§ **Task instructions**
The data should be written out in full, exactly as it stands, and the pictures dropped.

§ **Data section**
★ ★ ★ ★ ★ ★ ★
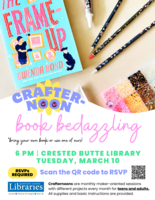 Join us at the Crested Butte Library at 6 pm on Tuesday, March 10 for Crafternoon. For March we’ll be making bedazzled books! Bring your own book to bedazzle or choose from a selection we’ll have. NEW: Please register for the event by clicking here: https://forms.gle/hoMRewtHbf4TiisaA Crafternoons are monthly maker-oriented sessions with different projects every month for teens and adults. All supplies and basic instructions are provided. Click here for the event website |
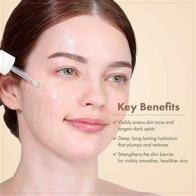- A daily serum with 80% rice bran water, alpha-arbutin, and niacinamide that helps visibly reduce dark spots, discoloration. It hydrates dull, uneven skin while refining tone, enhancing radiance, and improving overall clarity and texture.
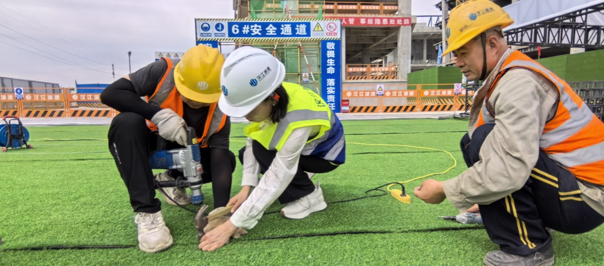 接到集團籌備通知后,交安公司經(jīng)理崔海玲帶領工作小組負責人,多次前往襄陽綜合保稅區(qū)與質(zhì)安環(huán)部負責人、襄陽綜合保稅區(qū)項目經(jīng)理共同商討活動場地選址、舞臺搭設等事宜。前期已完成道旗、基坑護欄和圍擋安裝、懸掛安全宣傳標語、協(xié)調(diào)急救車等準備工作。6月3日下午,交安公司組織全體員工在活動現(xiàn)場,對籌備工作進行最后的檢查與完善,并將活動場地草皮全部鋪設完成。
★ ★ ★ ★ ★ ★ ★
§ **Response to the task**
 Join us at the Crested Butte Library at 6 pm on Tuesday, March 10 for Crafternoon. For March we’ll be making bedazzled books! Bring your own book to bedazzle or choose from a selection we’ll have. NEW: Please register for the event by clicking here: https://forms.gle/hoMRewtHbf4TiisaA Crafternoons are monthly maker-oriented sessions with different projects every month for teens and adults. All supplies and basic instructions are provided. Click here for the event website |
- A daily serum with 80% rice bran water, alpha-arbutin, and niacinamide that helps visibly reduce dark spots, discoloration. It hydrates dull, uneven skin while refining tone, enhancing radiance, and improving overall clarity and texture.
 接到集團籌備通知后,交安公司經(jīng)理崔海玲帶領工作小組負責人,多次前往襄陽綜合保稅區(qū)與質(zhì)安環(huán)部負責人、襄陽綜合保稅區(qū)項目經(jīng)理共同商討活動場地選址、舞臺搭設等事宜。前期已完成道旗、基坑護欄和圍擋安裝、懸掛安全宣傳標語、協(xié)調(diào)急救車等準備工作。6月3日下午,交安公司組織全體員工在活動現(xiàn)場,對籌備工作進行最后的檢查與完善,并將活動場地草皮全部鋪設完成。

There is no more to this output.